Traumatic brain injury (TBI) evokes diffuse (traumatic) axonal injury (TAI), which contributes to morbidity and mortality. Damaged axons display progressive alterations gradually evolving to axonal disconnection. In severe TAI, the tensile forces of injury lead to a focal influx of Ca2+, initiating a series of proteolytic processes wherein the cysteine proteases, calpain and caspase modify the axonal cytoskeleton, causing irreversible damage over time postinjury. Although several studies have demonstrated that the systemic administration of calpain inhibitors reduces the extent of ischemic and traumatic contusional injury a direct beneficial effect on TAI has not been established to date. The current study was initiated to address this issue in an impact acceleration rat-TBI model in order to provide further evidence on the contribution of calpain-mediated proteolytic processes in the pathogenesis of TAI, while further supporting the utility of calpain-inhibitors. A single tail vein bolus injection of 30 mg/kg MDL-28170 was administered to Wistar rats 30 min preinjury. After injury the rats were allowed to survive 120 min when they were perfused with aldehydes. Brains were processed for immunohistochemical localization of damaged axonal profiles displaying either amyloid precursor protein (APP)- or RMO-14-immunoreactivity (IR), both considered markers of specific features of TAI. Digital data acquisition and statistical analysis demonstrated that preinjury administration of MDL-28170 significantly reduced the mean number of damaged RMO-14- as well as APP-IR axonal profiles in the brainstem fiber tracts analyzed. These results further underscore the role of calpain-mediated proteolytic processes in the pathogenesis of DAI and support the potential use of cell permeable calpain-inhibitors as a rational therapeutic approach in TBI.
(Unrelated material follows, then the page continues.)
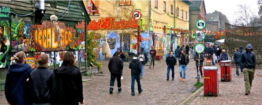 Christiania, insanların duvarların üzerine istedikleri boyamaları yaptığı, kendi evlerini kurduğu ve kendilerine ait kanunlarla yaşadığı özgür ruhlu bir kasaba.
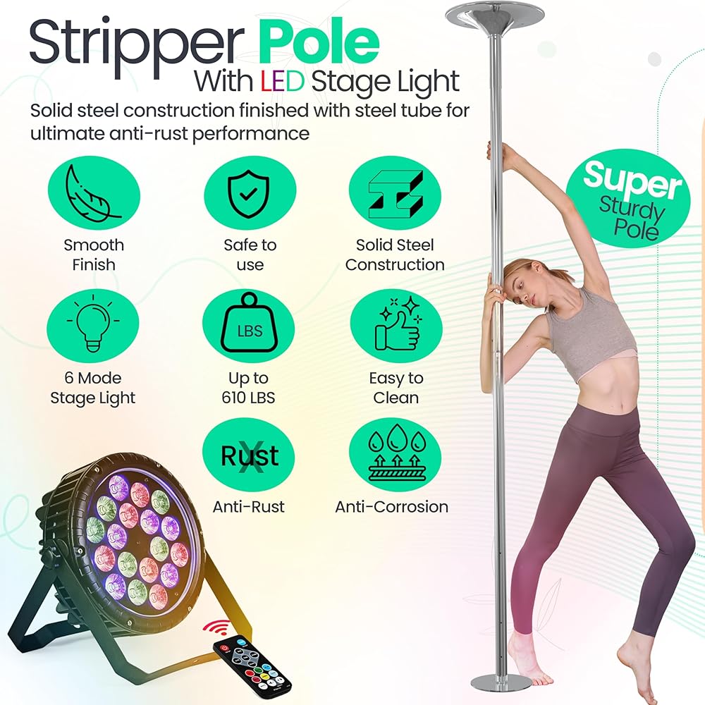 LED Lights - Bring fun and flair to your dance with our pole's lights. You can set the mood and make every dance more exciting. It's a delightful twist to any good time!

Brain Injury Biomarkers May Improve the Predictive Power of the IMPACT Outcome Calculator

Outcome prediction following severe traumatic brain injury (sTBI) is a widely investigated field of research. A major breakthrough is represented by the IMPACT prognostic calculator based on admission data of more than 8500 patients. A growing body of scientific evidence has shown that clinically meaningful biomarkers, including glial fibrillary acidic protein (GFAP), ubiquitin C-terminal hydrolase-L1 (UCH-L1), and αII-spectrin breakdown product (SBDP145), could also contribute to outcome prediction. The present study was initiated to assess whether the addition of biomarkers to the IMPACT prognostic calculator could improve its predictive power. Forty-five sTBI patients (GCS score≤8) from four different sites were investigated. We utilized the core model of the IMPACT calculator (age, GCS motor score, and reaction of pupils), and measured the level of GFAP, UCH-L1, and SBDP145 in serum and cerebrospinal fluid (CSF). The forecast and actual 6-month outcomes were compared by logistic regression analysis. The results of the core model itself, as well as serum values of GFAP and CSF levels of SBDP145, showed a significant correlation with the 6-month mortality using a univariate analysis. In the core model, the Nagelkerke R(2) value was 0.214. With multivariate analysis we were able to increase this predictive power with one additional biomarker (GFAP in CSF) to R(2)=0.476, while the application of three biomarker levels (GFAP in CSF, GFAP in serum, and SBDP145 in CSF) increased the Nagelkerke R(2) to 0.700. Our preliminary results underline the importance of biomarkers in outcome prediction, and encourage further investigation to expand the predictive power of contemporary outcome calculators and prognostic models in TBI.